İmge Sınıflandırması için Yeni Öznitelik Çıkarım Yöntemi: Add-Tda Algısal Özet Fonksiyonu Tabanlı Evrişimsel Sinir Ağ (Add-Tda-Esa)
Year 2019,
Volume: 12 Issue: 1, 30 - 38, 01.06.2019
Fatih Özyurt
,
Engin Avcı
Abstract
Bu çalışma, Evrişimsel Sinir Ağı (ESA)
kullanarak, imge sınıflandırma süresini azaltan, sınıflandırma performansını
kabul edilebilir değerde tutabilen bir metodu önermektedir. Ayrık Dalgacık
Dönüşümü - Tekil Değer Ayrıştırmaya dayalı algısal özet fonksiyonu kullanarak
Evrişimsel Sinir Ağı (ADD-TDA-ESA) adlı hibrit modelde, sınıflandırma süresini
azaltmak için ESA ile birlikte ADD-TDA tabanlı algısal özet
fonksiyonu kullanılmıştır. Algısal özet fonksiyonlarının en önemli
özelliği imgelerin belirgin özelliklerini elde etmektir. Bu yöntemde, ilk
olarak imgelerin belirgin özelliklerini elde etmek için ADD-TDA algısal özet
fonksiyonu uygulanmıştır. Daha sonra belirgin özelliklerden oluşan 32x32
boyutundaki imgeler ESA’ya girdi olarak verilerek öznitelikler çıkartılıp
Destek Vektör Makinesine sınıflandırma için verilmiştir. ADD-TDA-ESA yöntemi,
Caltech-101 veri tabanında bulunan imgeler için uygulanmıştır. Deneysel
sonuçlar önerilen ADD-TDA-ESA yönteminin %95.8 doğruluk oranına sahip olduğunu
göstermiştir. Ayrıca kullanılan bu yöntem ile klasik yöntemde 241.21 saniye
olan çalışma süresi 83.08 saniyeye düşmüştür. Deney sonuçları ADD-TDA-ESA
yönteminin, imge sınıflandırma doğruluğunu yüksek tutarak klasik ESA’ya
göre çok daha hızlı performans sergilediğini göstermektedir.
References
- [1]. Lowe, D. G. (2004). Distinctive image features from scale-invariant key points. International journal of computer vision, 60(2), 91-110.

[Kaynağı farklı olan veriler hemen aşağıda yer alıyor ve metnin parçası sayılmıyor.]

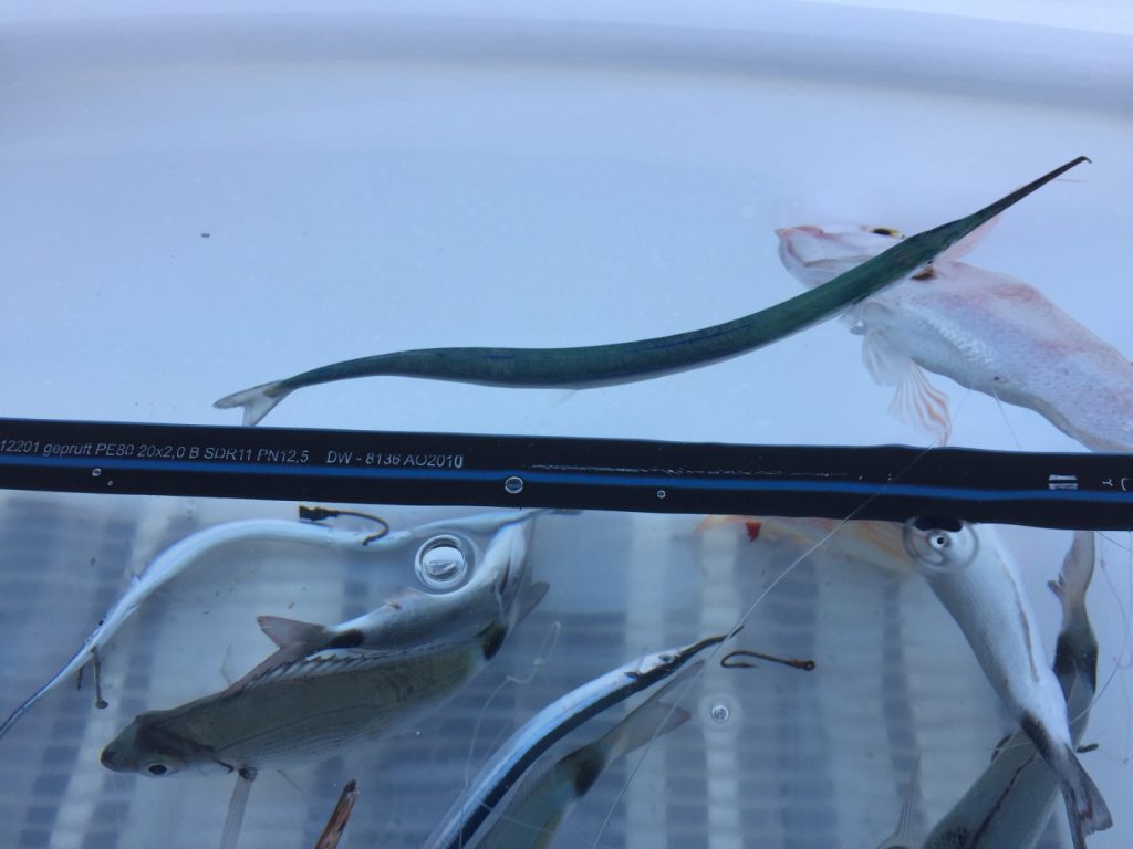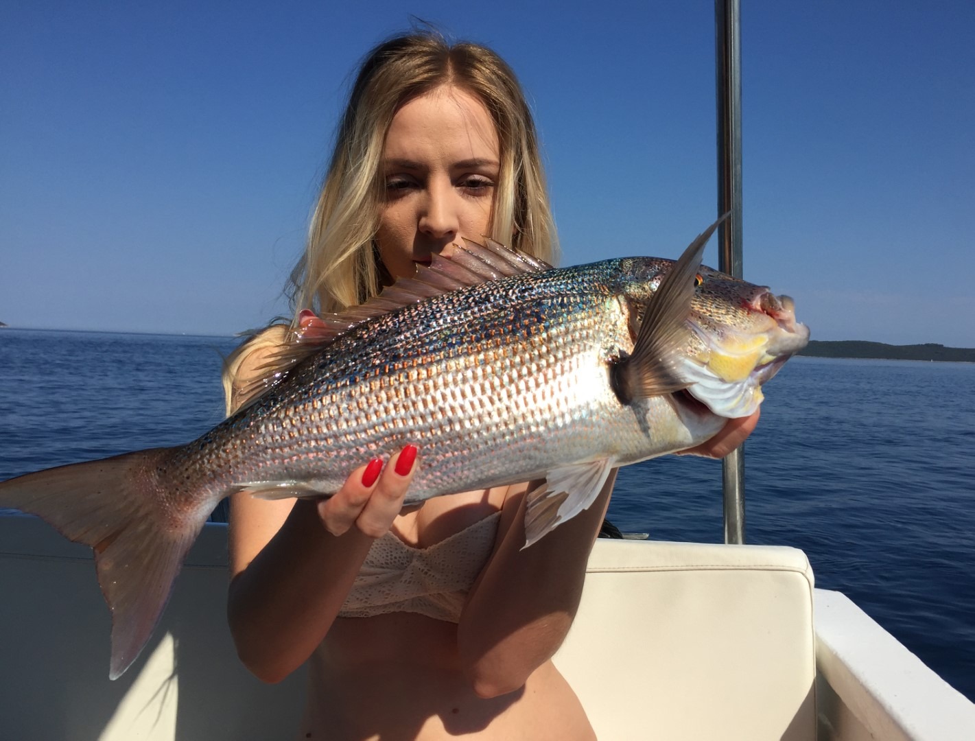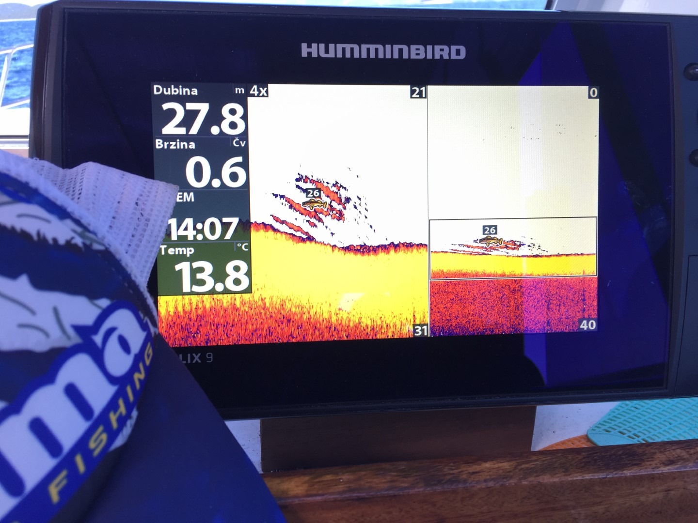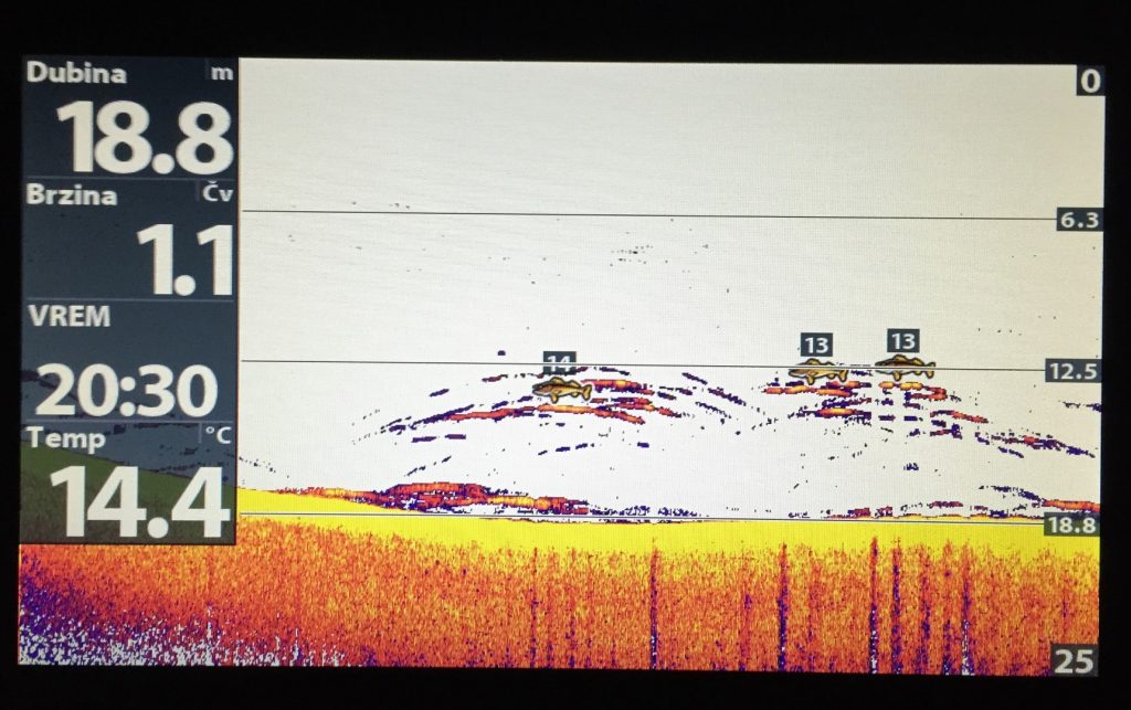 More je skroz ugrijalo, izrazio se termoklin na 10-20 metara (kako gdje), plićaci bujaju životom, imamo dojam da se sav život u moru preselio u obalni pojas plići od 30 metara. Sonder svugdje u opisanom pojasu crta ribe kao lud, kad gledamo po valama puno je bugvi, gavuna, manula, ušata, fratara, svega. Ljeto je, riba igra, u moru je jako živo, ispod vas veli predatori, ali ne grizu, nešto ne valja. Na kraju vas ubija vrućina i bonaca, nespavanje zbog predugačkog dana i prekratke noći, elan skroz pada…

- [2]. Jain, A. K., Ratha, N. K., & Lakshmanan, S. (1997). Object detection using Gabor filters. Pattern recognition, 30(2), 295-309.
- [3]. Ojala, T., Pietikainen, M., & Maenpaa, T. (2002). Multiresolution gray-scale and rotation invariant texture classification with local binary patterns. IEEE Transactions on pattern analysis and machine intelligence, 24(7), 971-987.
- [4]. J. Virmani, V. Kumar, N. Kalra, N. Khandelwal, SVM-based characterization of liver ultrasound images using wavelet packet texture descriptors, J. Digit. Imaging 26 (3) (2012) 530–543.
- [5]. N.K. Jitendra Virmani, Vinod Kumar Naveen Kalra, Prediction of liver cirrhosis based on multiresolution texture descriptors from B-mode ultrasound,Int. J. Converg. Comput. 1 (2013) 1–19.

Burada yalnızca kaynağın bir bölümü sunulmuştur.